He squinted at me for several seconds before stepping back and declaring, “My dear, we should do something about that dirt and injuries of yours. The last thing we would want is for those cuts to get infected.” He barked something at the others, and I was brought to a nearby wash basin and allowed to wash off the layers of grime I had accumulated over the last several hours. There was a small mirror to check on the cut on my head, and before long I was feeling somewhat cleaner and following the security man (who insisted that I call him Captain Bob) deeper into the prison. He chatted amiably as we walked, as if it were just the two of us out on an afternoon stroll through the countryside. He seemed rather pleased that such a high ranking American military officer was ‘touring’ the facility, and somehow managed to perk up even more when I explained that I was a flight surgeon.
“A doctor? How absolutely splendid! There is much good that you can do with your talents here!” He murmured briefly to one of our well armed entourage, who nodded and jogged off into the darkness.

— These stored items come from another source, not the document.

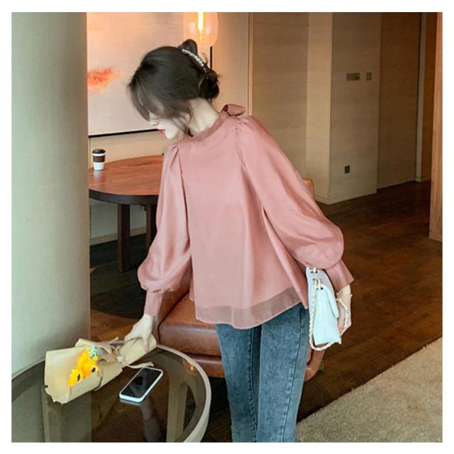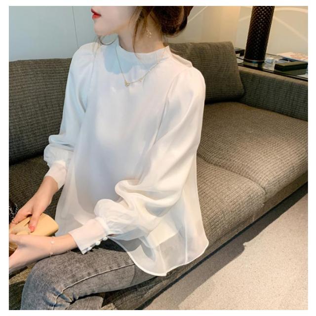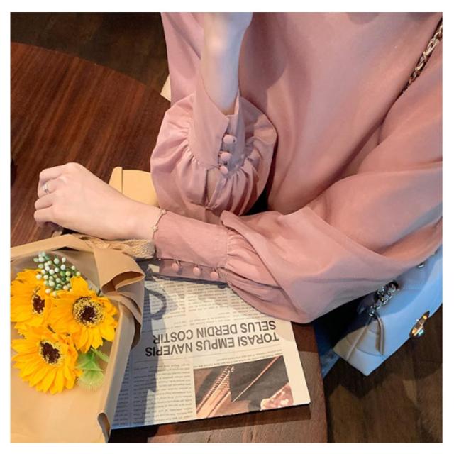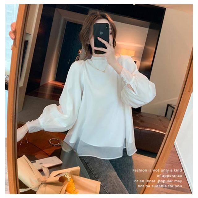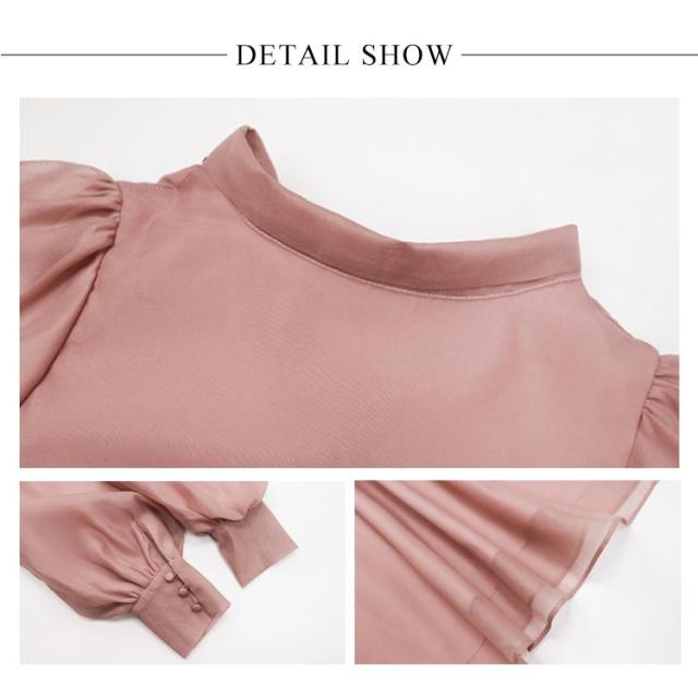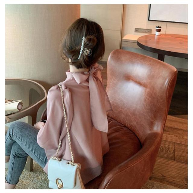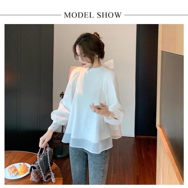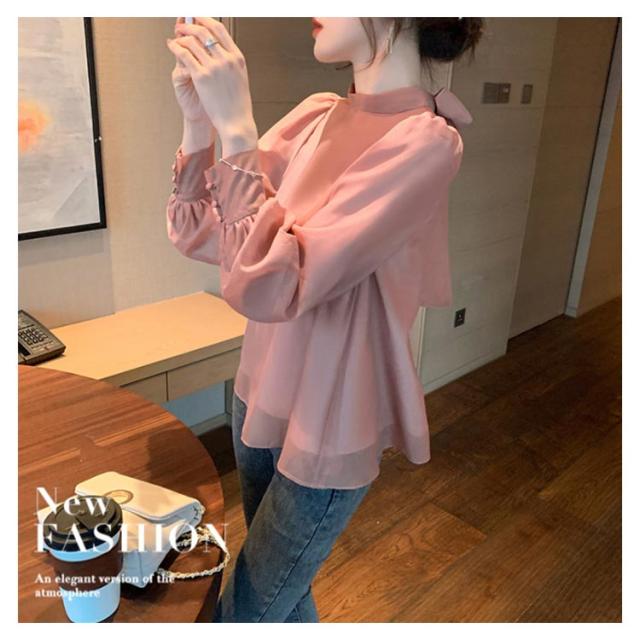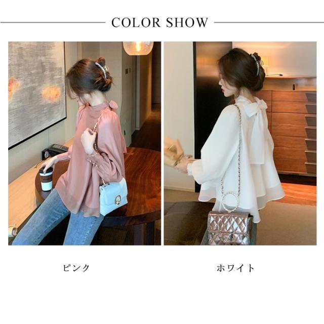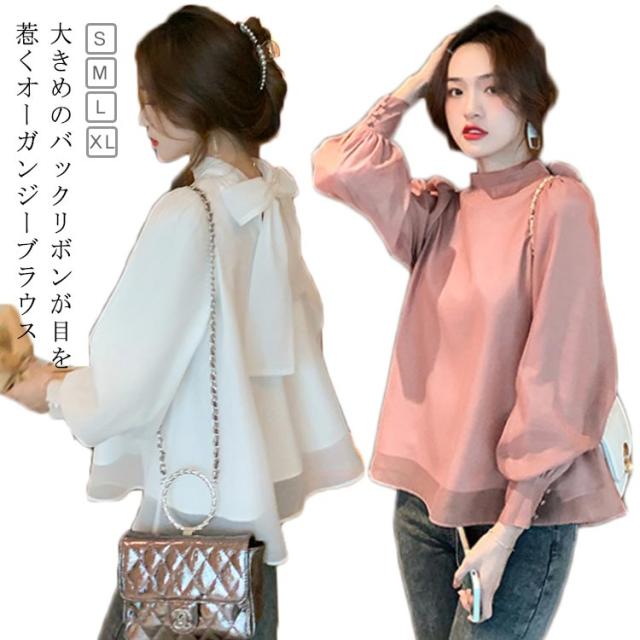 ブラウス バックリボン レディース 長袖 パフスリーブ スタンドカラー ハイネック トップス ボウタイブラウス Aライン フレア ボリューム袖 大人可愛い おしゃれ 体型カバー ゆったり 春 秋 無地 S M L XL 白 ホワイト ピンク【送料無料】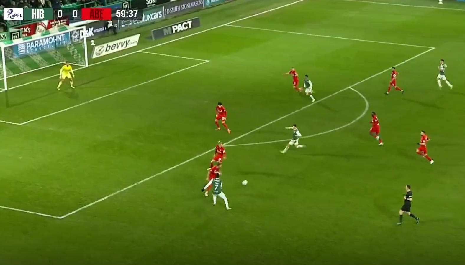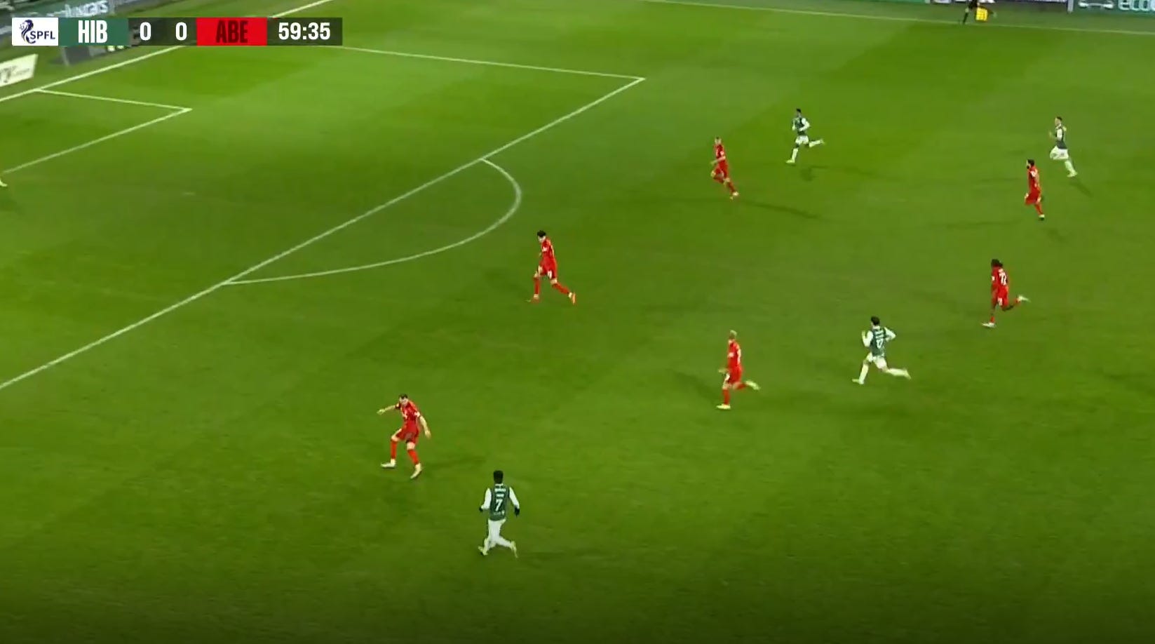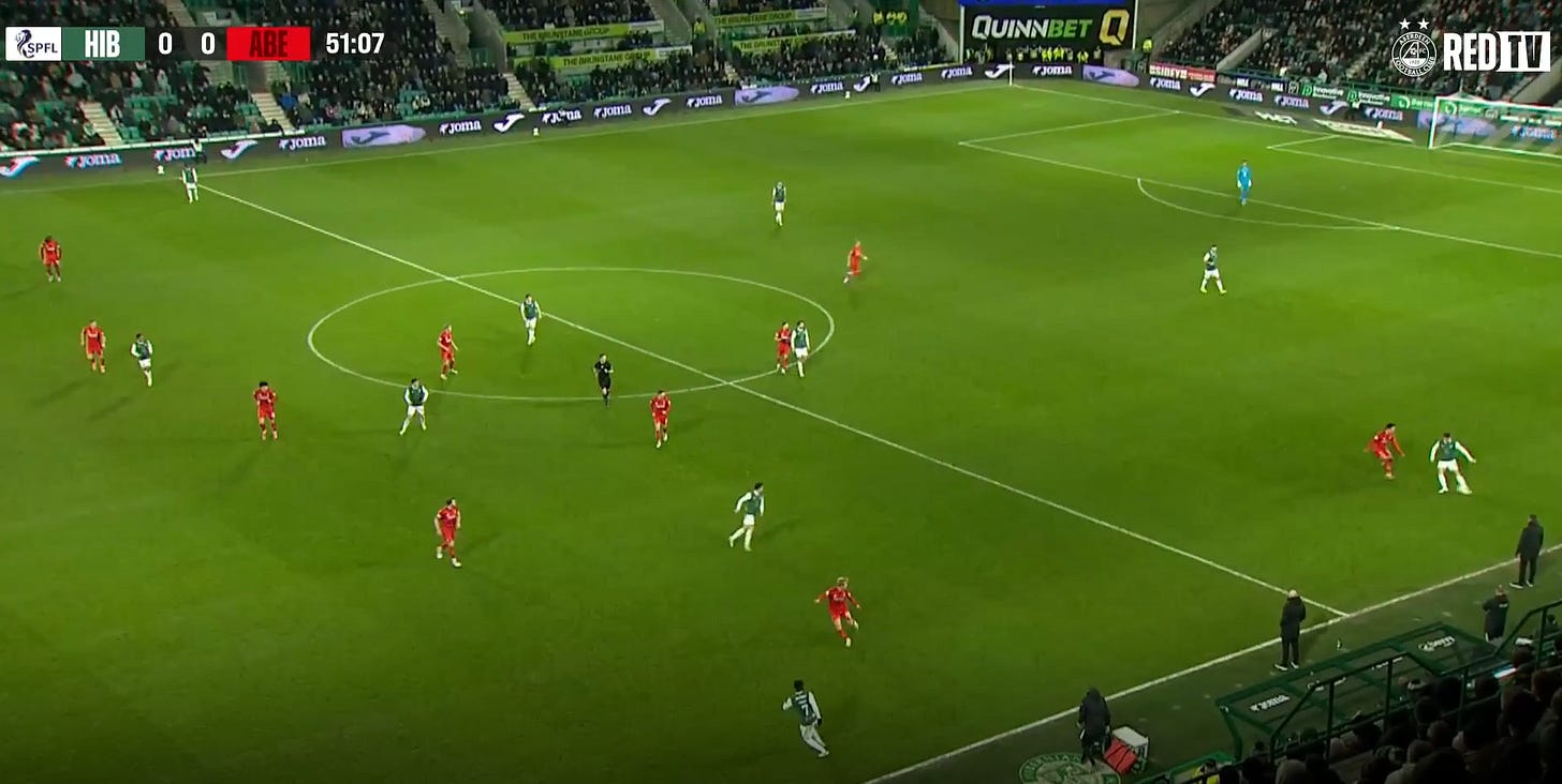 The first two images are in more settled possession where the Hibs midfielder has been able to find a little pocket of space behind the Aberdeen midfield and is then able to drive at the defence.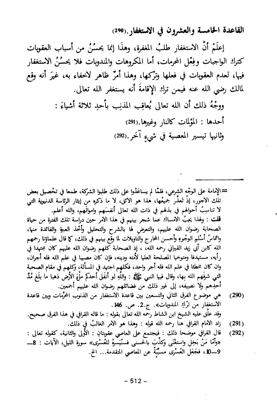 (٢٩٠) هي موضوع الفرق الثاني والتسعين بين قاعدة الاستغفار من الذنوب المحرمات وبين قاعدة الاستغفار من تزكِ المندوبات". جـ ٢. ص. ١٤٦.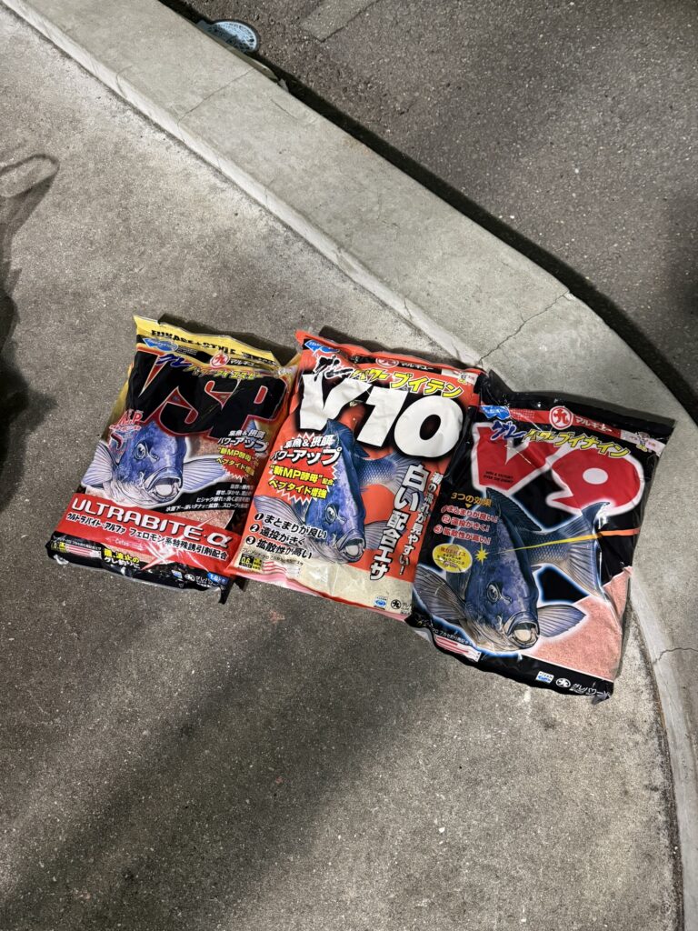 「グレパワーV10」(1袋)+「グレパワーV9」(1袋)+「グレパワーVSP」(1袋)+「M.S.P(S)レッド」(1袋)+オキアミ 9kg+海水 適量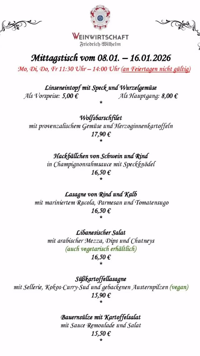 Die Weinwirtschaft Friedrich-Wilhelm ist ein Restaurant für Trier und seine Besucher. Serviert wird eine bodenständige Küche mit viel Liebe zum Produkt und zur Tradition, ergänzt um mediterrane und orientalische Einflüsse. Es wird für jeden etwas dabei sein.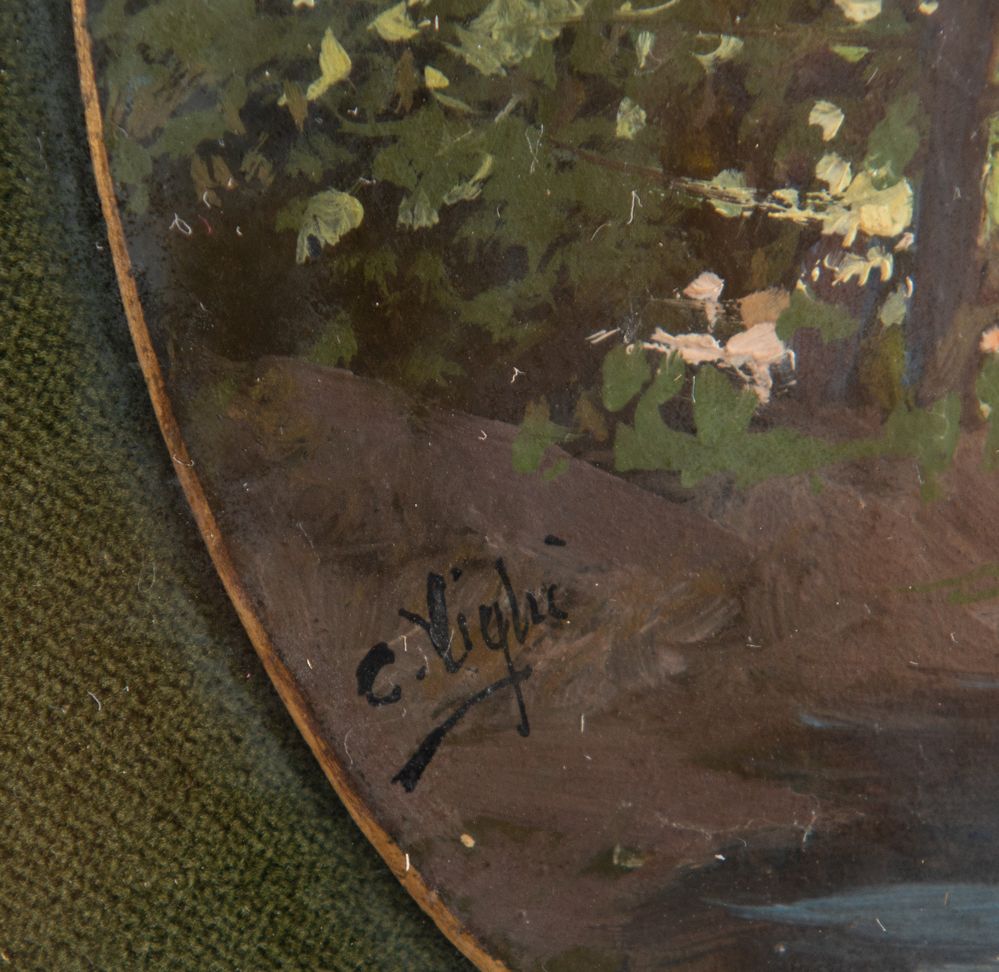CORIOLANO VIGHI (Firenze 1846 - Bologna 1905) "Paesaggio". Olio su tavolozza, Cm 12x9. Opera firmata in basso a sinistra C. Vighi,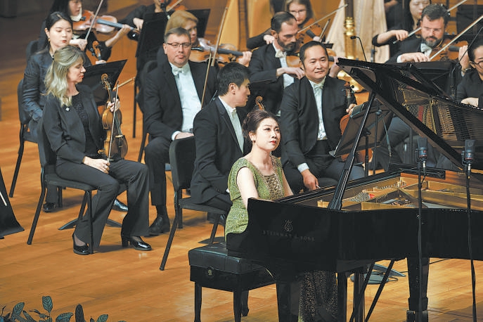 上半场,钢琴家罗维联袂乐团,率先奏响《黄河》。这部脱胎自《黄河大合唱》,由殷承宗、储望华等音乐家改编的协奏曲问世几十年来久演不衰,已成为国际舞台上中国交响乐的代表作品。《黄河船夫曲》《黄河颂》《黄河愤》《保卫黄河》4个乐章逐次递进,以沉着雄浑的触键和节奏,把抗日救亡的记忆、民族复兴的光明推向最高峰。

Another few twists and turns and we were standing at the entrance of an unassuming metal door, simply one in a line of others along the hallway. One of our escorts unlocked the latch, and I could make out the shapes of three figures in the gloom. One was huddled in the corner and another was crouched over a form laid out on the floor. The crouched figure scuttled back up against the wall as we entered and in the glare of the Iraqi’s flashlights I realized that they were all female soldiers like myself, no doubt captured during the offensive. Captain Bob strode into the room and stood over the prone soldier, ignoring the two against the wall.

“I was hoping that you might be able to do a favor for me.” He smiled widely, exposing rows of gleaming white teeth. “You see, your fellow soldier here has suffered two gunshot wounds during the unfortunate circumstances of her capture. Nothing life threatening, but most certainly painful. Sadly, most of our doctors are away helping at the front and it may be some time before we can bring in someone to treat her. Perhaps you would be willing to take a look?” He gestured at the form on the floor, covered by a makeshift blanket of BDU jackets.

“I’m going to need a table and more light than this.” I began running down a list of the things I would need to perform the operation, and Captain Bob relayed my list to another of our escorts. Within minutes we had moved her into another room, much better lit, and a tray containing my requested items already waiting. I scrubbed up using a nearby sink and a bottle of alcohol and set to work.

The Iraqis had little in the way of serious painkillers I could use, but I gave her what they had and tried to get her to relax while they kicked in. She was a Specialist with the Army named Melissa whose truck had gotten lost and overrun during the Republican Guard’s breakout. I told her that everything was going to be fine and that I would get her patched up in no time. The surgery itself went as smoothly as it could, considering that my dizziness was still hovering in the background and pain shot through me every time I tried to lean too far over the table. The painkillers were also far from sufficient, and I ended up having her bite down on a coiled rag while I worked, trying to ignore her muffled cries as my instruments probed her damaged tissue. It was risky and far from ideal for operating, but the alternative of the wound remaining untreated and going septic was far worse.

The whole time while I operated the Iraqis had a camera crew in the room recording everything, apparently part of some new propaganda ploy for Saddam to point to and say, ‘You see? See how I take care of your female soldiers? They receive better care than my own soldiers in the field!’ I don’t know how well the shots of poor Melissa clamping down on the rag with tears streaming down her cheeks would play in his strutting; no doubt some extensive editing would have to take place before the tape went out.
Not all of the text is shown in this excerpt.